Monkey Motivation: Sadie Clark

Each fortnight, we’re offering you some Monkey Motivation, in the form of interviews with our alumni.
12th November 2018
This week we spoke to Sadie Clark, graduate of the Two Year Rep programme (2014-16) about writing her own show and selling-out the Soho Theatre.

Tell us a little bit about what you’ve been up to since graduating from Fourth Monkey
Well it’s been a while since I graduated so I’ve done quite a range of things! I think the first few years post graduation are all about experimenting: seeing what you like, what you’re good at, what you’d like to try more of. I did the usual Fringe Theatre jobs and short films but I also tried to make my own work with my peers.

Finding improv in 2016 was a game changer for me. There’s this electric feeling when you step out to start a scene with someone and neither of you know where it’s going to go, you just know you’re each bringing one ‘brick’ with every offer to build something new together. I love the freedom it gives you, to play anyone and anything. I’m also convinced it’s made me a better actor and writer, and there’s no doubt it’s helped me with auditions – particularly commercial ones. I perform regularly with my team ‘The Right Kind of Trouble’, and my double act ‘A Little Bit of Tender’ around London.

In 2016 I also co-found About Wolves Theatre Company. We took our first show Someone Found to the Pleasance, and I then wrote and directed our second show Orgasm which was at Camden People’s Theatre. I’ve also produced all the work we’ve created and I’ve found it’s a really useful skill to have, particularly now when lots of people are having to be writer-performer-producers to get their work made.

The last year I’ve been developing my writing skills on the Soho Theatre Writer’s Lab, alongside other acting jobs.

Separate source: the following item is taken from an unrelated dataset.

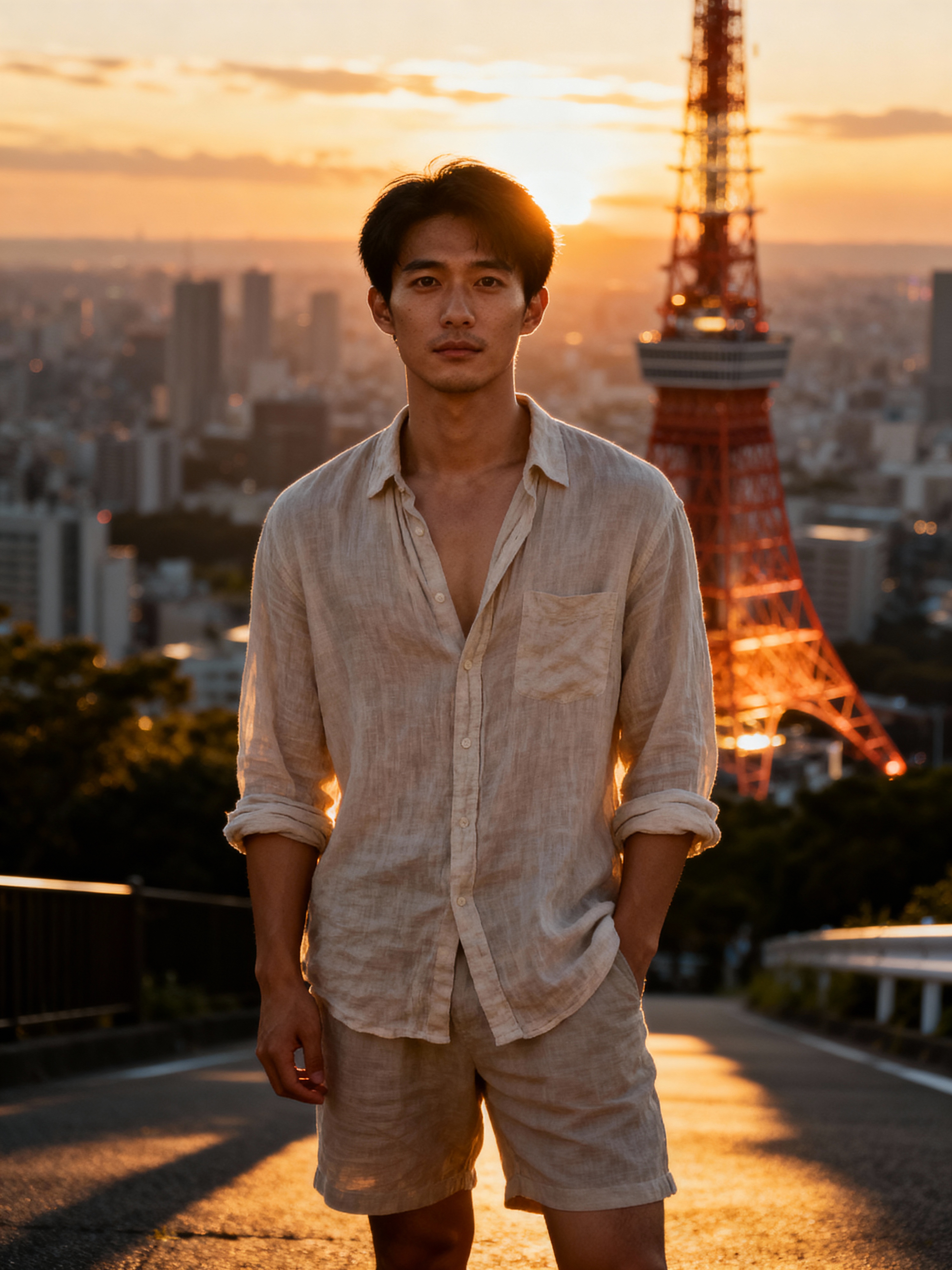 model in front of Tokyo Tower at sunset, wearing a light linen shirt and shorts, golden hour lighting

What is the project you’re currently working on?
I’m currently developing my first one-woman play Algorithms. It’s ‘a bisexual Bridget Jones for the social media generation’ which follows Brooke, an algorithm writer at an online dating site, who’s about to turn thirty, when everything in her life seems to go tits up.

It’s a tragic-comic piece for anyone who’s ever wondered why they feel so lonely when connecting with other people is meant to be easier than ever in this online age. It also explores the worries and insecurities we can feel when comparing our lives with other people’s ‘Social Media lives’ (i.e. the version of themselves people choose to present online).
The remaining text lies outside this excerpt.